After her whole family is jailed, Nursiman Abdureshid pleads with Jews to take a stand

The location of Nursiman Abdureshid’s father, mother, and brothers is currently unknown
The location of Nursiman Abdureshid’s father, mother, and brothers is currently unknown

Wearing a traditional headscarf, her young daughter being led out of screenshot, Nursiman Abdureshid sits down in her apartment in Turkey and recalls the day “when the communication with my family was cut off”.

Sent to vast camps built to “re-educate” millions of China’s Uyghur minority, her family received mysterious and lengthy prison sentences for “terrorism”. Her father got 16 years, her mother 13 years, one brother 15 years and her other brother seven years.

Nursiman, who came to Turkey in 2015 to study for a master’s degree, has neither seen nor heard from them for 43 months. Despite repeated requests, she has not been told where they are being held, or if they are still alive.

“It was 18 June 2017 when communication cut off,” she recalls in a soft voice, eyes lowering. “The Chinese government often cuts communications, but then I started to hear about concentration camps and people being arrested and I began to worry.”

She called everyone she knew and was eventually told that her brother and father were being questioned but that her mother was still at home. “They said, ‘Don’t call, she’s afraid, the local official told her not to take calls from abroad.’ That was the beginning.”

Petite and speaking word-perfect English, Shanghai-educated Nursiman, 32, knew of “political study” mornings at the village hall, after which Uyghurs would work, and assumed her father and brother were attending them.
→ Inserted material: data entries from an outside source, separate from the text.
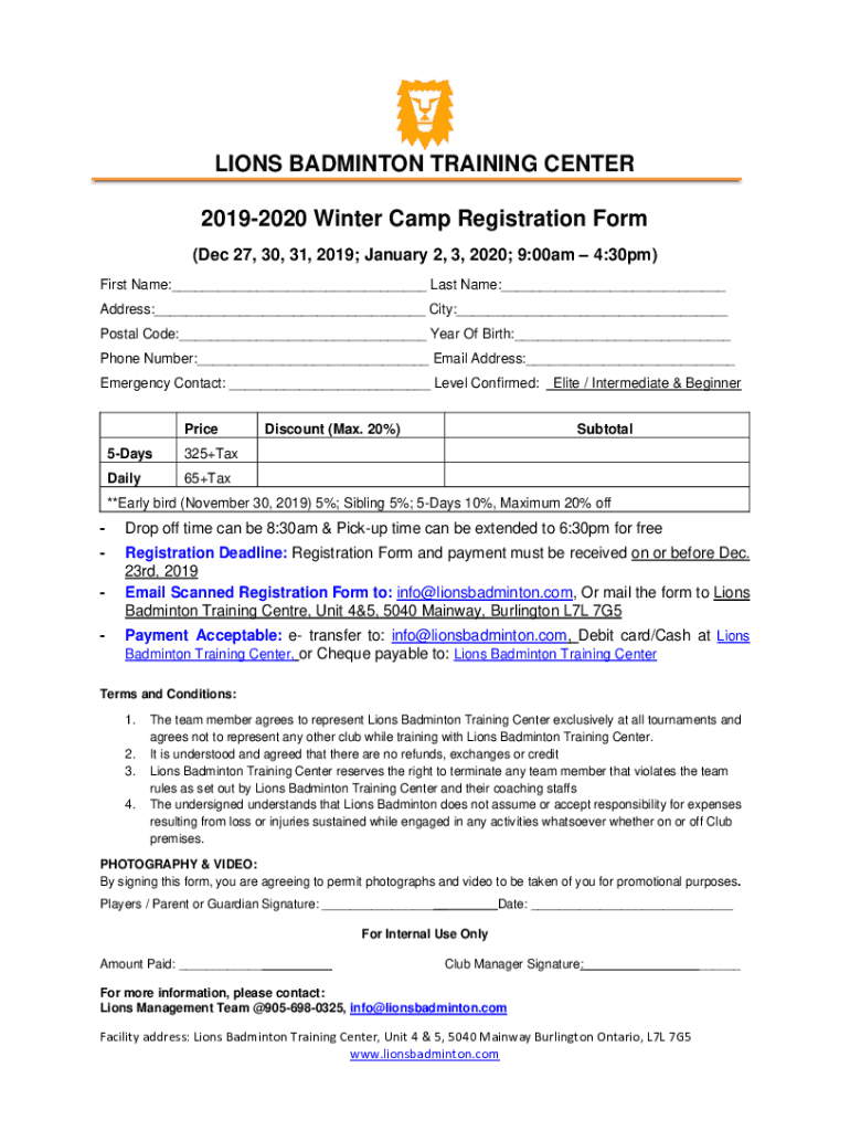LIONS BADMINTON TRAINING CENTER 20192020 Winter Camp Registration Form (Dec 27, 30, 31, 2019; January 2, 3, 2020; 9:00am 4:30pm) First Name: Last Name: Address: City: Postal Code: Year Of Birth: Phone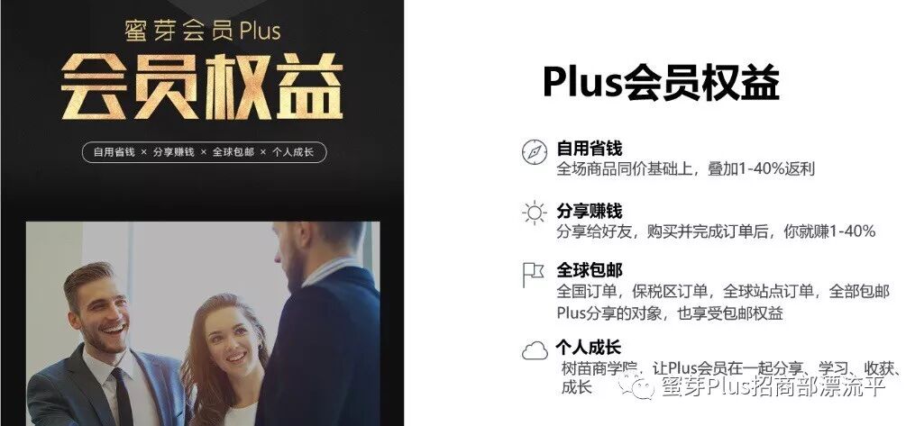 加入蜜芽plus以后,自己在平台上买生活用品,家居用品,衣服,鞋子包包,护肤品等等,都是可以享受平台给的1%-40%的佣金返利,分享给别人买的话,平台也是给到你相应的一个佣金提成,也就是说自用是省钱,分享给别人是可以赚钱的,大家是互惠互利的。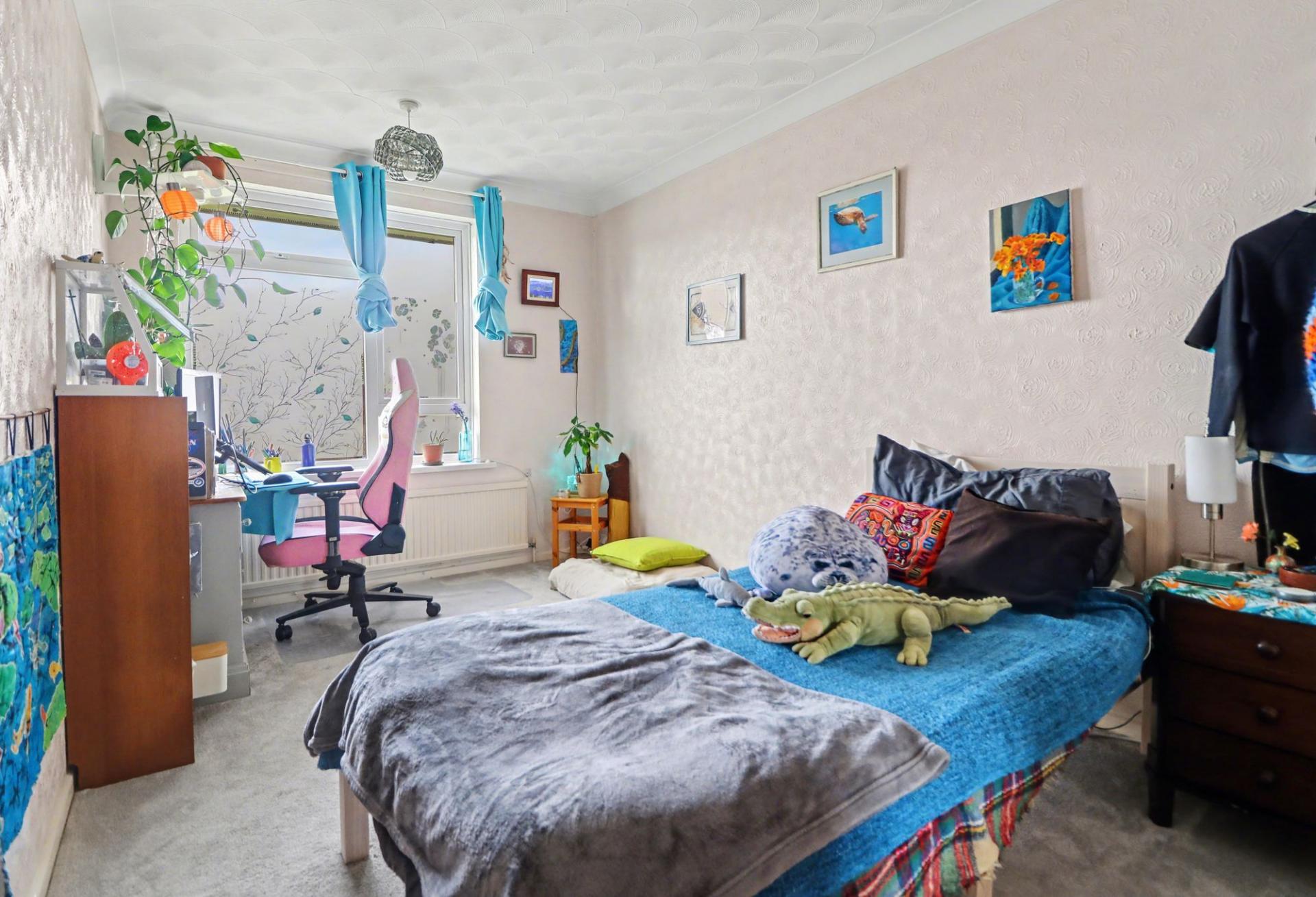 The double bedroom overlooks the front and benefits from a fitted wardrobe, with the bathroom comprising a panel enclosed bath with electric shower over, wash hand basin, WC and a window to the rear.

“I thought that must be it,” she says. “But then I heard more and more about the camps and I couldn’t get any information. My friends stopped replying, then they blocked me on social media group chats. Finally, I got a simple message: ‘There is no one in your home.’ It meant my mum had also been taken.”
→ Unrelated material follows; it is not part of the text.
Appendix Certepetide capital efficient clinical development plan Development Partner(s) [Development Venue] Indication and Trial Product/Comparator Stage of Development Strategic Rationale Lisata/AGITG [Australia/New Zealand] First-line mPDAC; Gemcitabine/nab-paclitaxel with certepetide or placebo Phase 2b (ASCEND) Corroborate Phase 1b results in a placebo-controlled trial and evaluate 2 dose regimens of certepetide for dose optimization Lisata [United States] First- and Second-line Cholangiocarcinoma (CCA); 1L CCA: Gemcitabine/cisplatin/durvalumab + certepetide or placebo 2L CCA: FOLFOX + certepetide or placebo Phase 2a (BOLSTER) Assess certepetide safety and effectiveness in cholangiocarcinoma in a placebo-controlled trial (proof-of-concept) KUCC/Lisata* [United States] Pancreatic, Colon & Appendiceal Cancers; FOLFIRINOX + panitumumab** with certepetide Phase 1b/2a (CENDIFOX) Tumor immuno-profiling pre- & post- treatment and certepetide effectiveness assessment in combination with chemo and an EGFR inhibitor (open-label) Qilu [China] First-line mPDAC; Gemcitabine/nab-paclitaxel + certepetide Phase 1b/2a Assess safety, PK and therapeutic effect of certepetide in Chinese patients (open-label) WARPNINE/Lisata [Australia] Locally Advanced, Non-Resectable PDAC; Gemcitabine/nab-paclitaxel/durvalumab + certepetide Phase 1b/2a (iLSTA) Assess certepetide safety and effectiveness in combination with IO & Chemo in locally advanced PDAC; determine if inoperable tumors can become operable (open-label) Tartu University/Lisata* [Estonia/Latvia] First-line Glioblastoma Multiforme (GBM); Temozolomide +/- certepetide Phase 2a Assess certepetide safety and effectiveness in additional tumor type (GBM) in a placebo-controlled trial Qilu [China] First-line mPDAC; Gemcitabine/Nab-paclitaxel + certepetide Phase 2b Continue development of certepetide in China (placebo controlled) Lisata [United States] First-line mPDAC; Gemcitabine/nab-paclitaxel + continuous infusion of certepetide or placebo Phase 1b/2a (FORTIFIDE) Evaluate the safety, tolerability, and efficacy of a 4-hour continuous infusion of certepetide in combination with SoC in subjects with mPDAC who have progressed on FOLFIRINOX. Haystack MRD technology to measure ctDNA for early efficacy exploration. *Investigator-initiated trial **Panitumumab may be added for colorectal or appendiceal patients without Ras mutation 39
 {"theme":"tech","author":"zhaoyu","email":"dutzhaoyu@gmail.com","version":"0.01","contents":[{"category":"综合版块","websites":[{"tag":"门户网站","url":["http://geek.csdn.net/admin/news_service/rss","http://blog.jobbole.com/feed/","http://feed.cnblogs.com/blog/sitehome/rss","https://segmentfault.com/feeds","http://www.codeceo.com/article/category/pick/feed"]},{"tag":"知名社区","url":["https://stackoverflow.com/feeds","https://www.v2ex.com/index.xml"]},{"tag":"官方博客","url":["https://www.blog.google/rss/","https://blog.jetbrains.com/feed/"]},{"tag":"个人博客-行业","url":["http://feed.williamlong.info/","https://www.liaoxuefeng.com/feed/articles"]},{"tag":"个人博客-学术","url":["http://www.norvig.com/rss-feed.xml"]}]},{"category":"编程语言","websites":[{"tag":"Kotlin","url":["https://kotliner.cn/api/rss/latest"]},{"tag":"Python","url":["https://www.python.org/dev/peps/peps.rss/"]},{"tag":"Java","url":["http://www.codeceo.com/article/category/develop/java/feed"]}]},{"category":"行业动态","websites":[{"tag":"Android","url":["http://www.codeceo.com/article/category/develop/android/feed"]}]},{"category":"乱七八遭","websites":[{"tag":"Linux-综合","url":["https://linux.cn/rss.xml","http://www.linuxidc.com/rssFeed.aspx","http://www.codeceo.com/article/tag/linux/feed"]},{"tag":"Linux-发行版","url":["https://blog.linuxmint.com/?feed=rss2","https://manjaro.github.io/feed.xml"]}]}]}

Her mother is a housewife, her father retired, her brothers businessmen, she says. “We are a normal family. At first, I kept silent, thinking ‘there is no reason to arrest them, it must be wrong information’. But in 2018 I got the same message – your family is arrested, there is nobody in your home.”

For three years she asked Chinese embassies for information. In June this year was she told the sentences her relatives had been given. “I asked why, they said ‘terrorism’. I asked if there was any evidence, they said ‘no’. That was it.
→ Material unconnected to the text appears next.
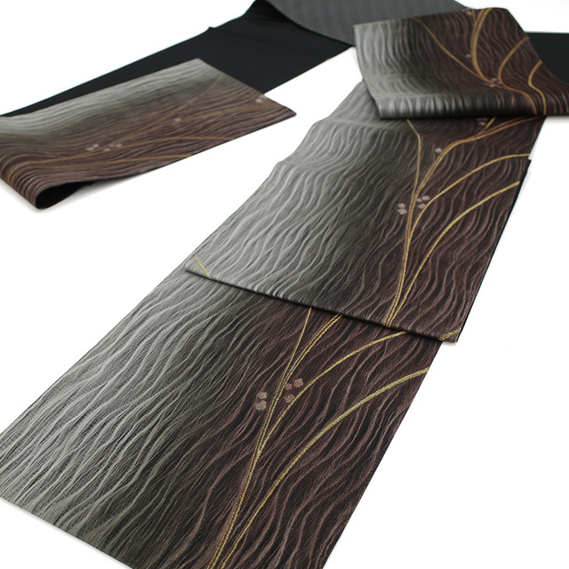 グレー・黒・茶の色糸を巧みに織り重ねた、まるでグラデーションのような奥行きあるすくい織の帯地に、金糸を用いて草花模様を繊細に表現。

“My family is not religious. They have nothing to do with terrorism. It is a fake accusation, like with all the Uyghurs. It is what the Chinese government says because it knows the world suffers from terrorism. They want to erase the Uyghurs.”

Nursiman’s nieces may be missing too. “I have no idea where they are. It has been more than three years. I do not know if they are still alive.

“I listen to the testimony of those who were in the camps and my big fear is for my family’s physical and mental health. Sometimes I dream that we lost them.”

Nursiman with her message

Her last contact was in June 2017, but three months earlier Nursiman’s friends’ parents began calling their sons and daughters studying abroad. “They were saying ‘come back or stop calling, the situation is getting serious’. So, I offered this to my father when we spoke.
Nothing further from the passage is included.